Ta silhouette se découpe sur l'horizon pourpre et domine tout ce qui t'entoure: mises à part les hautes herbes que personne n'a jamais tondues, tu es tout ce qui ose s'élever du sol dans cette partie reculée du monde. En apparence, il n'y a que ton âme qui vive. Oui, en apparence seulement, car si tes yeux ne perçoivent aucune présence, ton coeur sait qu'il n'est pas le seul à battre ici.
Une brise familière secoue tes cheveux et tu abaisses tes paupières. Ce parfum délicat, cet exact niveau d'humidité, cette douceur dans la force du vent, cet air venu d'un autre temps souffle sur toi un bonheur que tu n'as jamais su décrire. Toute la puissance de ton esprit créatif provient de ce souvenir si vif, même le sang qui circule en toi y prend sa source, et tu sens que jamais les mots ne t'apparaîtront qui permettraient d'expliquer ce phénomène. Parfois, tu aimerais partager cette formidable émotion. Parfois, ça te frustre d'être incapable d'exposer clairement ce qui t'inspire tant. Mais la plupart du temps, tu accueilles la brise en souriant de tout ton corps et tu remercies une entité quelconque de t'avoir donné ce cadeau unique.
Lorsque tu rouvres les yeux, le champ au milieu duquel tu te trouves s'est entièrement métamorphosé. Des gratte-ciel tout de verre dans lesquels se reflète à répétition un soleil bleuâtre côtoient un immense château gris, croisement entre tous les châteaux que tu as vus de ta courte existence et qui t'ont fait rêver. Dans les rues tracées sans plan logique, une multitude de gens déambulent, chacun traînant son drame personnel, chacun farfouillant le jour sombre à la recherche de celui ou celle qui saura le comprendre. Ton coeur est chaviré: le décor est magnifique, mais cette souffrance, toute cette souffrance... Même si tu sais que la peine de ces villageois imaginaires n'est que la projection de ce qui vit en toi, tu te sens coupable et ô combien cruel. Tu emmerdes ton imagination pessimiste et tu refermes les yeux, t'étant toi-même blessée profondément.
Quelques secondes plus tard, une minuscule main se pose sur ton épaule et tu entends une voix, ta propre voix, te murmurer tout ce que tu sais déjà, mais oublies, aveuglée par ta négativité. «Ils ont mal, ils pleurent et ils mourront trop tôt, mais ce n'est pas une maladie de l'âme qui les rend ainsi. Regarde tout l'amour qu'ils cherchent à donner, regarde toute la passion qu'ils s'offrent entre eux. Même s'ils savent que celui ou celle qu'ils cherchent est loin, très loin, regardent comme ils s'efforcent à rendre heureux, à épargner les autres de cette créature qui les ronge, à distribuer des sourires et des rires qu'ils n'ont pas, à rendre meilleure la vie de ceux à qui ils tiennent. C'est toi qui a créé tout ça, la souffrance tout comme l'intense bonté dont ces gens font preuve. Tu crois que ce que ton imagination a à montrer n'est que tristesse et destruction, et c'est vrai, mais seulement en apparence. Oui, en apparence seulement, car si tes yeux ne perçoivent aucune lueur d'espoir dans ce paysage, ton coeur et celui de ceux qui liront un jour tes textes savent et sauront que les coeurs de tes personnages palpitent énergiquement, animés par le désir de changer les choses.»

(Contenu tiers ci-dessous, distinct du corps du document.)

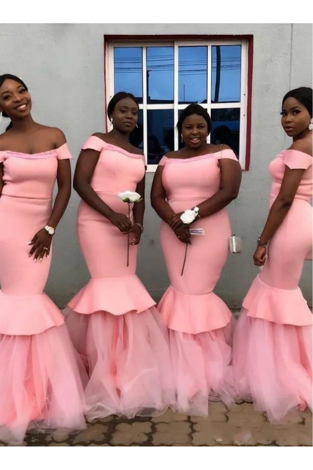 Long Pink Mermaid Off the Shoulder Bridesmaid Dresses 902186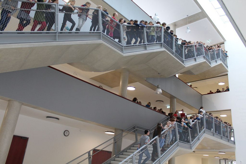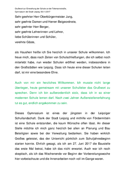 Die Rede von Herrn Schmidt handelte davon, dass er stolz ist, an dieser schönen Schule Schulleiter sein zu dürfen und wie stolz er auf diese Schule ist. Außerdem dankte er allen Handwerkern und weiteren Beteiligten, den freundlichen und offenen Lehrern, dem Förderverein der schon vor dem Bau der Schule vorhanden war. Er lobte auch die vielen verschiedenen Ganztagsangebote. Lotte sprach von der alten und ungemütlichen Interimsschule in der Erfurterstraße in Gohlis, wo sich trotzdessen Schüler und Lehrer gut verstanden und hofft, dass auch weiterhin unter den Schülern und Lehrern ein gutes Klima herrscht.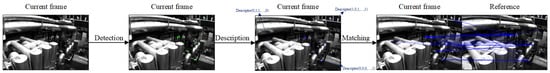 Finding correspondences between the current frame and the reference for the feature-based method (images come from EuRoC [] dataset). Detection detects pixels with distinctiveness and repeatability; description creates the unique descriptor of features for feature matching; matching compares the similarity of those descriptors to match features.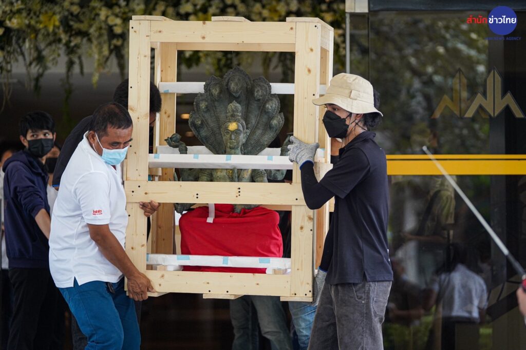 (18 ก.พ.2565) บรรยากาศขนย้าย พระนารายณ์ ที่ประดิษฐ์ฐานอยู่บนดาดฟ้า ของโรงแรมนารายณ์ สีลม หลังโรงแรมเตรียมพลิกโฉมครั้งใหญ่ เพื่อปรับเปลี่ยนพื้นที่ให้เป็นแลนด์มาร์กแห่งใหม่ในย่านสีลม ภายใต้แนวคิด “Be Part of Everyone community” หลังจากเปิดให้บริการมากว่า 54 ปี ซึ่งวันนี้มีทั้งพนักงานปัจจุบันและอดีตพนักงานของโรงแรม ทยอยเดินทางมาร่วมเก็บภาพบันทึกความทรงจำ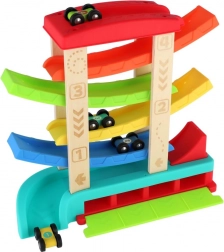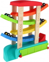 Ten kaskadowy tor wyścigowy łączy mocne drewniane słupki i trwałe plastikowe rampy w żywych barwach, które pobudzają dziecięcą ciekawość i percepcję wzrokową. Dzieci rozwijają małą motorykę, koordynację ręka–oko oraz zrozumienie przyczyny i skutku podczas obserwowania jazdy samochodzików.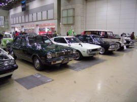 ショップが会場の半分以上を占めていたので、車両の展示は若干さびしいものに感じられました。スカイライン、フェアレディーZ、トヨタ2000GT、その他国産車、外国車という並べ方はいかがなものでしょう?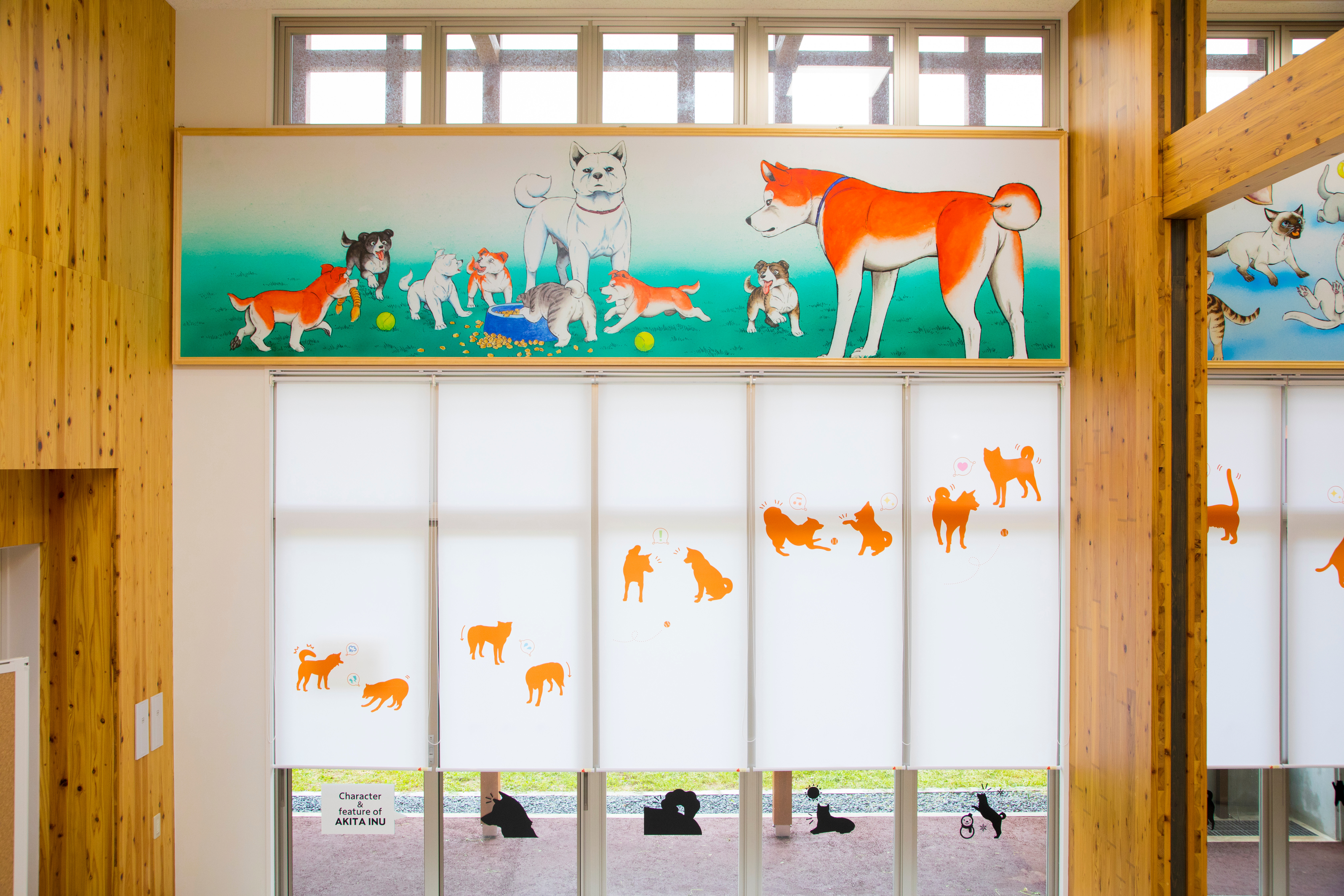 主人公・銀は秋田犬だよ。『銀牙 -流れ星 銀-』は秋田県出身の漫画家高橋よしひろさんの代表作品です。当センターの壁面絵画も描いてもらったよ!

Lorsque tu ouvres à nouveau les yeux, tu n'es plus au milieu d'un champ, ni devant des merveilles architecturales. Ton crayon t'a glissé des mains et ton cahier repose encore sur tes cuisses, ouvert à la page que, quelques minutes plus tôt, tu voulais arracher. Et tu continues d'écrire, ton épiderme encore imbibé de la brise inspiratrice.